The ARIMA Procedure

Estimation Details

The ARIMA procedure primarily uses the computational methods outlined by Box and Jenkins. Marquardt’s method is used for the nonlinear least squares iterations. Numerical approximations of the derivatives of the sum-of-squares function are taken by using a fixed delta (controlled by the DELTA= option).

The methods do not always converge successfully for a given set of data, particularly if the starting values for the parameters are not close to the least squares estimates.

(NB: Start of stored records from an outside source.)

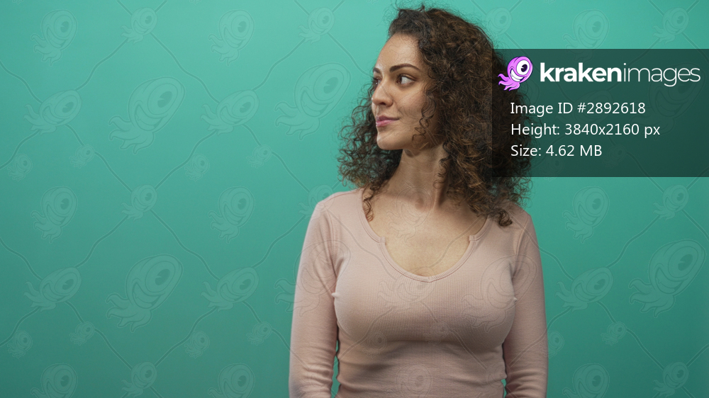 Young hispanic woman glancing to the right showing exposed neck and curly hair against a teal studio wall; calm confidence.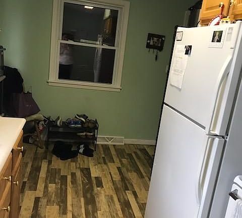 Cute house with beautiful, freshly refinished hardwood floors in living room, hall & both bedrooms. New vinyl in bathroom & kitchen. Small eating area off kitchen. Attached garage. Great for a starter home, small family or older people. Large lot to add on. Right across from Southland School. Great and friendly small town. Newer furnace & a/c. Nice shed in back. This home is move in ready!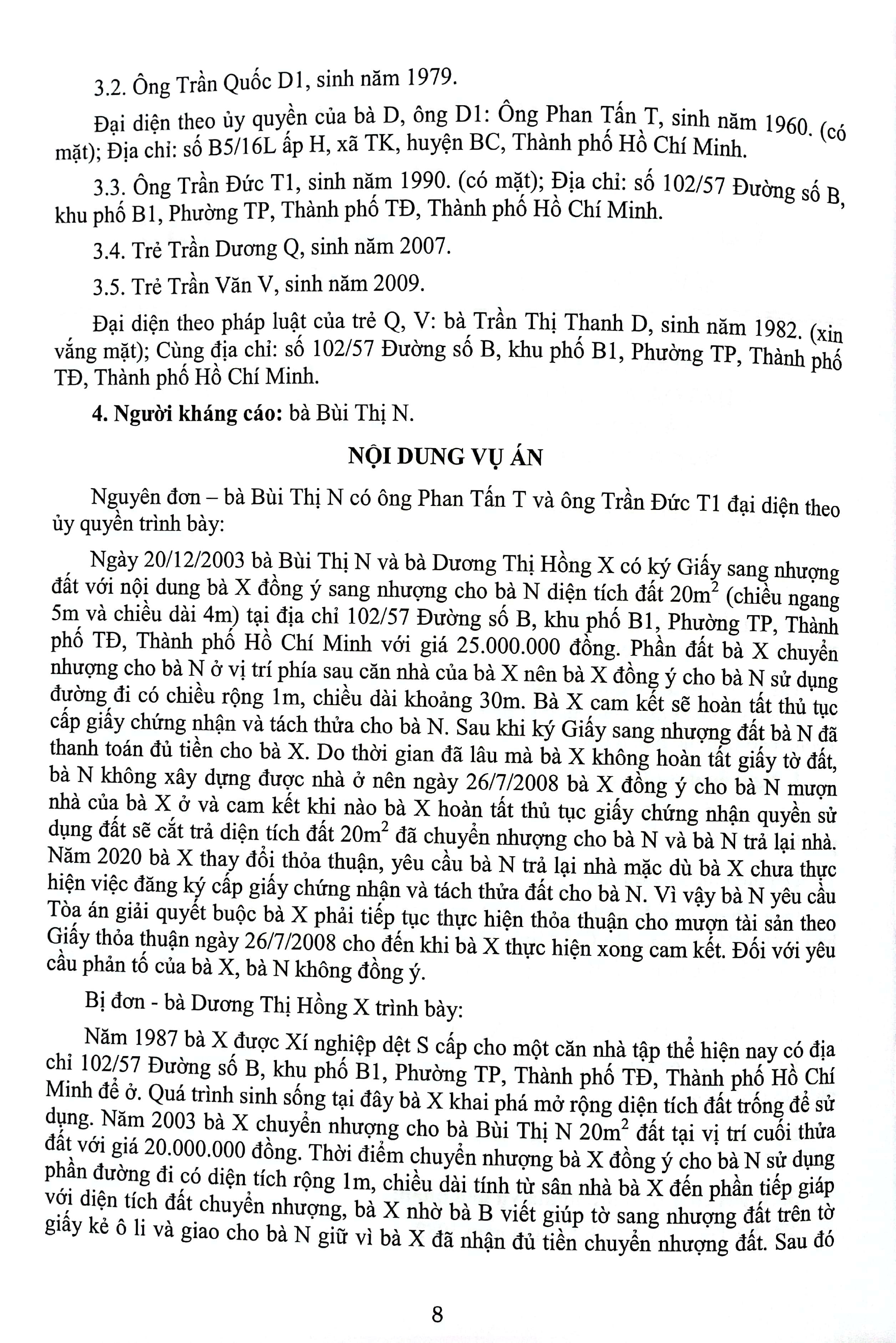 Phần thứ ba. Các Bản án của Tòa án nhân dân cấp cao về quyền sở hữu tài sản Hy vọng rằng đây sẽ là tài liệu hữu ích để bạn đọc, đặc biệt là Thẩm phán, Thẩm tra viên, Hội thẩm, Kiểm sát viên, Luật sư và các học viên tư pháp và những người làm công tác pháp luật nghiên cứu, áp dụng trong thực tiễn xét xử.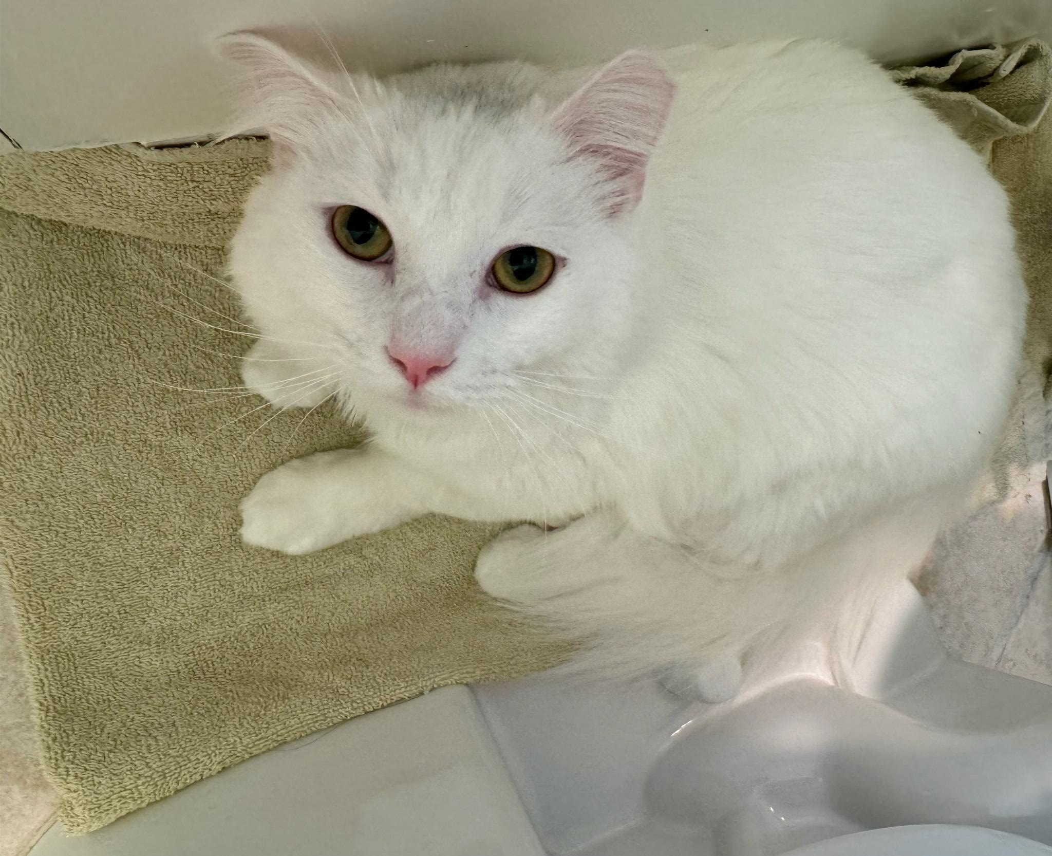 He was found in a feral colony where volunteers feed and neuter the neighborhood stray and homeless cats. Snowball is only around 8 mnths old now and his rescuer already has him purring like crazy and wanting lots of pets.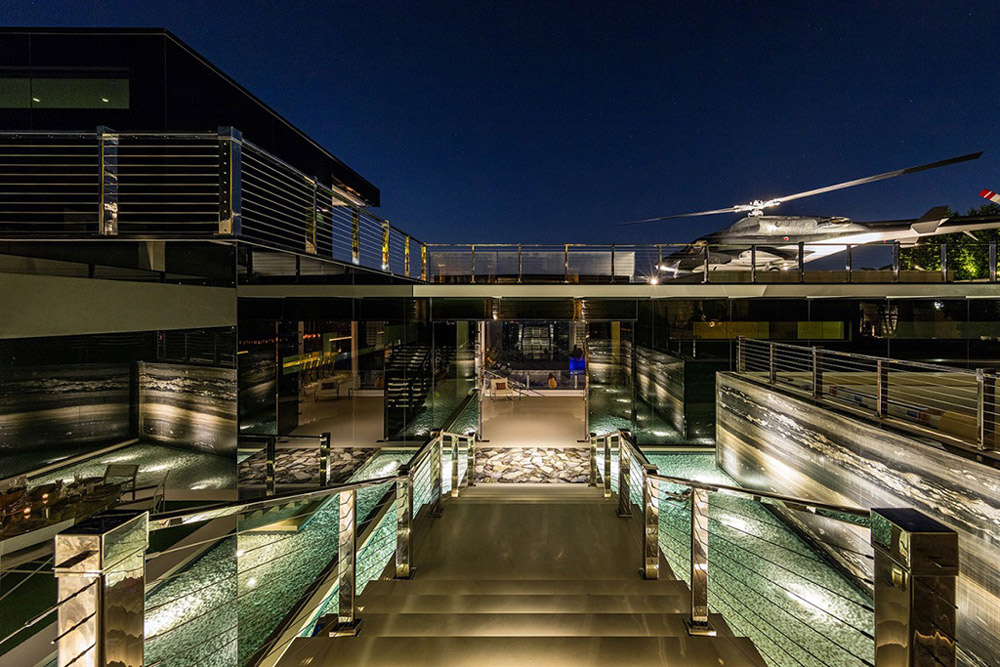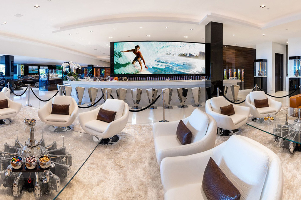 Anda tidak lagi membicarakan berapa ukuran kolam renang di rumah tersebut, karena arsitek dan desainernya telah membuat beberapa fasilitas extravaganza seperti lapangan bowling hingga home theater seukuran bioskop di mal. Kolam renang di rumah juga memiliki pemandangan tak terbatas di kota Los Angeles. Posisinya yang berada di perbukitan Bel-Air memungkinkan penghuni menikmati keindahan kota di rooftop lounge sambil berpesta bersama keluarga atau kolega saat matahari terbenam.
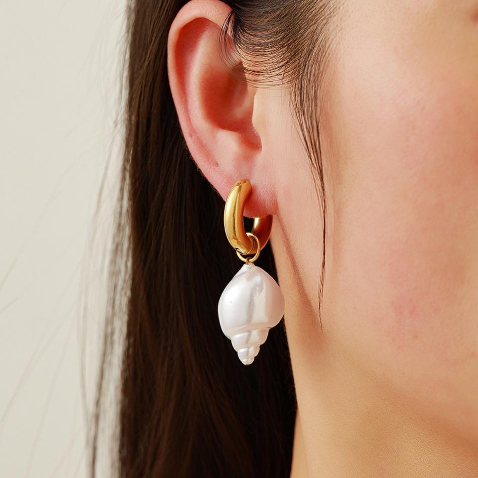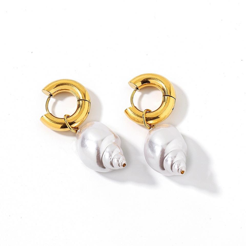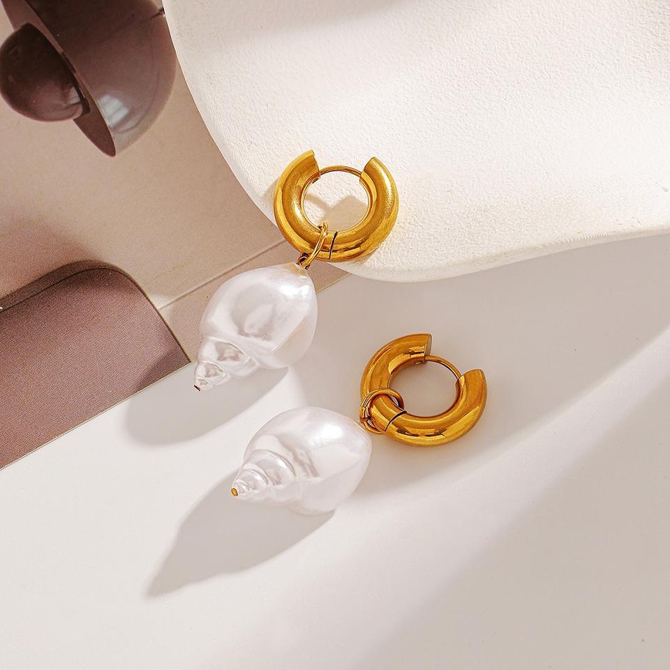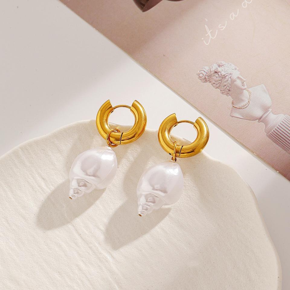 ต่างหูสแตนเลสทรงหยดน้ำ เปลือกหอยมุกเทียม ชุบทอง เครื่องประดับสำหรับงานปาร์ตี้ของผู้หญิง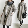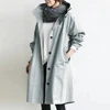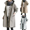 Gabardina larga con capucha para mujer, abrigo de Color liso con bolsillo, ropa de otoño, 2021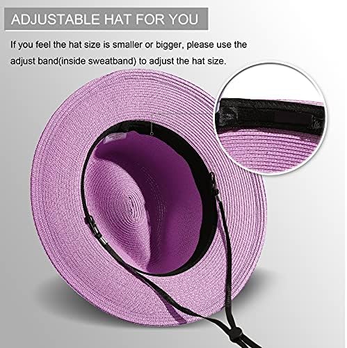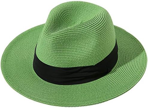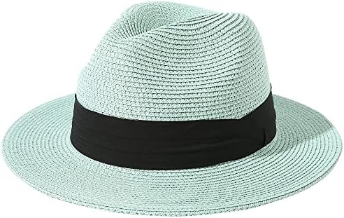 Lanzom Women Wide Brim Straw Panama Roll up Hat Fedora Beach Sun Hat UPF50+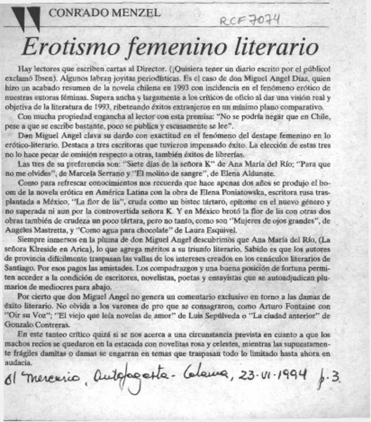 Erotismo femenino literario [artículo] Conrado Menzel.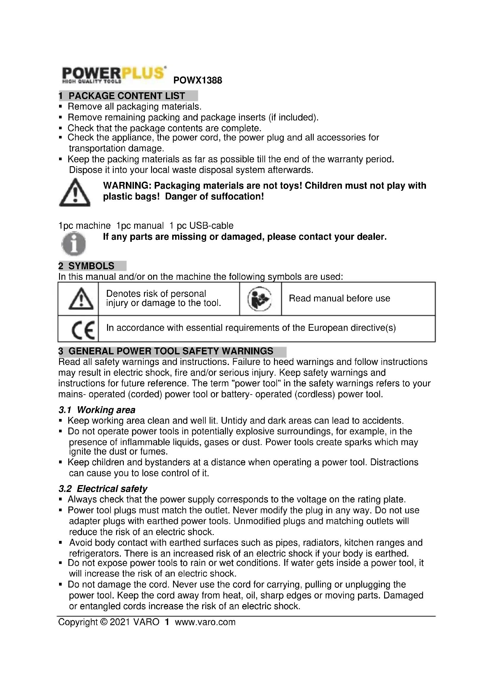- Use the power tool, accessories and cutting tools, etc., in accordance with these instructions and in the manner intended for the particular type of power tool, taking into account the working conditions and the work which needs to be done. Using a power tool in ways for which it was not intended can lead to potentially hazardous situations.POWX1388 Copyright © 2021 VARO 3 www.varo.com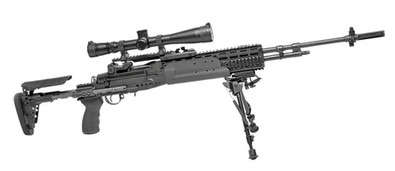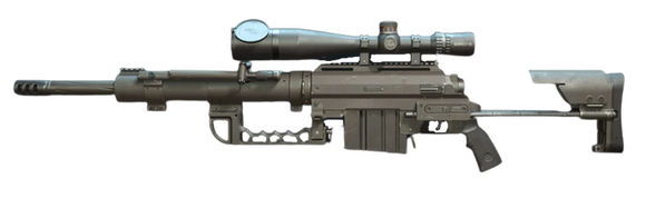 The THOR M408 long range sniper rifle is a manually operated, bolt action rifle. It employs traditional rotary bolt with dual frontal locking lugs and fluted body. The massive, extreme duty steel receiver offers strength and accuracy along with a quick-detachable barrel system which facilitates compact storage, simplified maintenance and simple replacement of worn barrels. The barrel is typically fitted with highly effective muzzle brake, which can be easily removed via standard threads and, if required (and permitted by local laws), quickly replaced by specially designed sound moderator (silencer). This rifle is fed using detachable box magazines with 7-round capacity. A fully adjustable buttstock is made of aluminum with steel reinforced guide rods, and the rifle is fitted with free-floating tubular forend (barrel jacket), which carries an adjustable folding bipod. An adjustable collapsible monopod is located under the buttstock. To facilitate easier transportation and maneuvers, the rifle is fitted with a high strength polymer rotating carrying handle, located near the center of mass. When not needed, this handle is rotated down and locked, as not to interfere with handling of the gun. As manufactured, The THOR M408 rifle has no iron sights. Instead, it sports a MIL-STD Picatinny type rail on the receiver, which could accept any suitable scope in appropriate mount, such as the Nightforce 5.5-22×56, which is recommended by the manufacturer.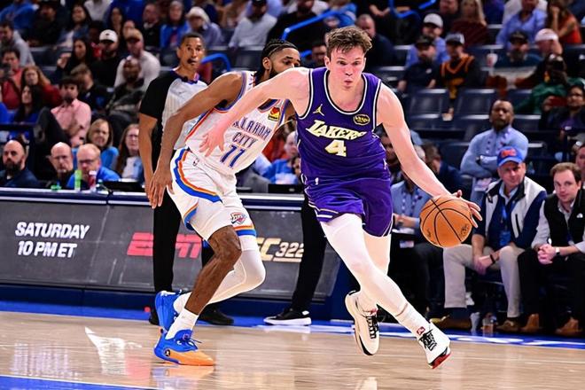 本场比赛中,湖人的替补侧翼新星道尔顿-克内克特(Dalton Knecht)非常罕见地在比赛常规阶段起到了一些作用。克内克特全场出场10分56秒,投篮5中2,三分线外4中2,得到了6分,还有2次犯规,正负值为+5。大家都知道,克内克特在其他方面的能力非常有限,没有基本的传球视野,没有出色的防守能力,在其他方面都实在是没有办法为球队提供任何的帮助和支持,但至少在本场比赛中,他还是命中了两记三分,在有限的出场时间内在进攻端为球队提供了一定的帮助和支持。克内克特在本场比赛中也算是完成了自己应该完成的任务,在场上起到了自己的作用,并且为球队的胜利做出了不小的贡献,至少他也是没有拖球队后腿了。
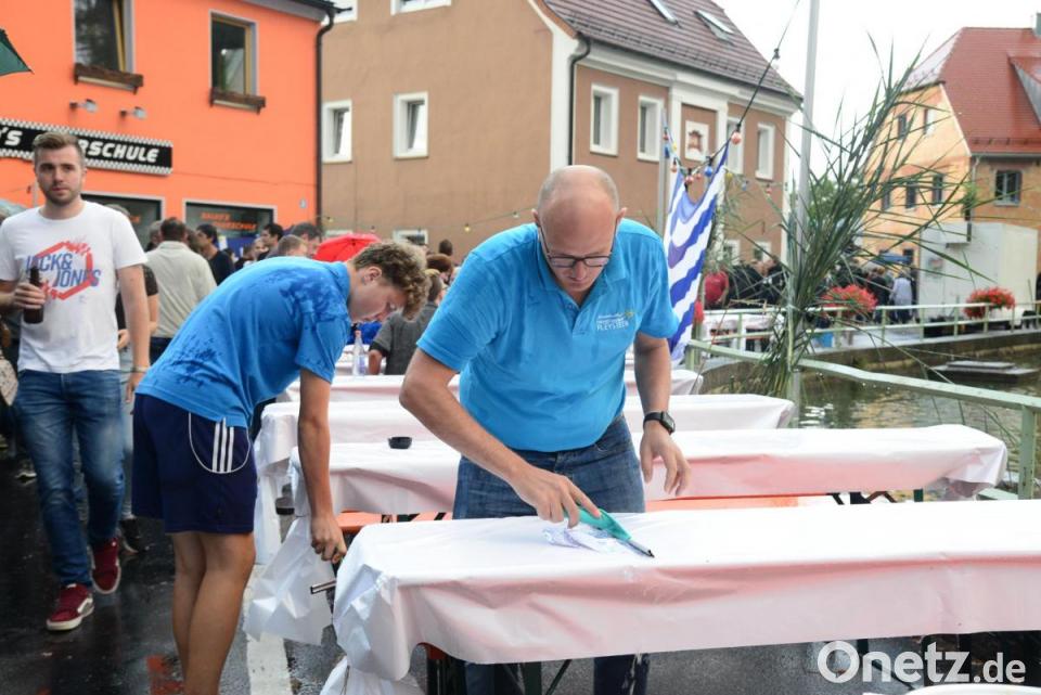 Die Besucher, in ihrer Mehrheit von auswärts, suchten Schutz unter Schirmen, Bäumen, den Zelten, Hauseingängen, ja selbst in einer geöffneten Fahrschule oder einer anderen einfachen Überdachung. Nach dem Regenguss war dann an manchen Ständen „trocken legen“ im Akkord angesagt. Viele der Plätze waren nach dem Regen wieder so belegt wie vorher, auch deshalb, weil eine große Zahl von Gästen ohnehin erst nach dem Regenschauer kam. Die Straßen Pleysteins, die Parkplätze in Stadtnähe waren jedenfalls belegt wie selten.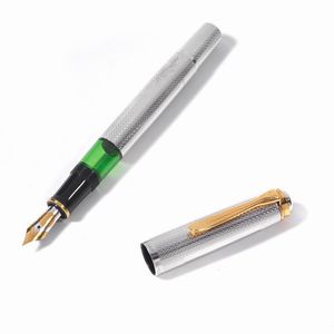 PELIKAN M750 JUBILEE (1838 - 1988) N. 14153 PENNA STILOGRAFICA fusto guillochè in metallo argentato, dettagli [..]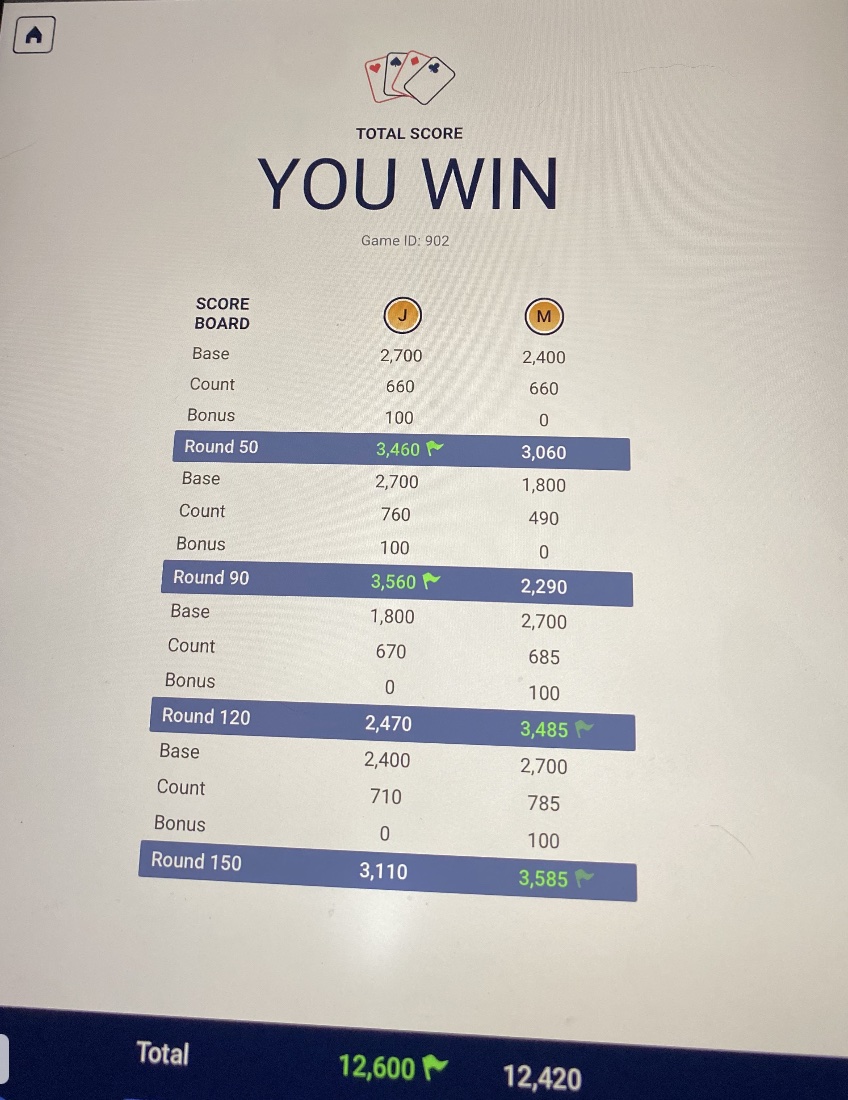 The highlight of the first round was the epic battle between Jaida and Michelle. Michelle was the number one seed going into the tournament as she had the highest winning percentage in two- and four-player games. As you can see from the screenshot above Jaida jumped out to an early lead in the first and second rounds (Rounds of 50 and 90) but then Michelle came roaring back in the third round (Round of 120). In fact, Michelle won the fourth round (Round of 150) as well but fell short in the overall game score by just 180 points. Awesome match and good luck in Round 2 Jaida!

The unconditional sum of squares is computed exactly; thus, back-forecasting is not performed. Early versions of SAS/ETS software used the back-forecasting approximation and allowed a positive value of the BACKLIM= option to control the extent of the back-forecasting. In the current version, requesting a positive number of back-forecasting steps with the BACKLIM= option has no effect.

Preliminary Estimation

If an autoregressive or moving-average operator is specified with no missing lags, preliminary estimates of the parameters are computed by using the autocorrelations computed in the IDENTIFY stage. Otherwise, the preliminary estimates are arbitrarily set to values that produce stable polynomials.

When preliminary estimation is not performed by PROC ARIMA, then initial values of the coefficients for any given autoregressive or moving-average factor are set to 0.1 if the degree of the polynomial associated with the factor is 9 or less. Otherwise, the coefficients are determined by expanding the polynomial ($1 - 0.1B$) to an appropriate power by using a recursive algorithm.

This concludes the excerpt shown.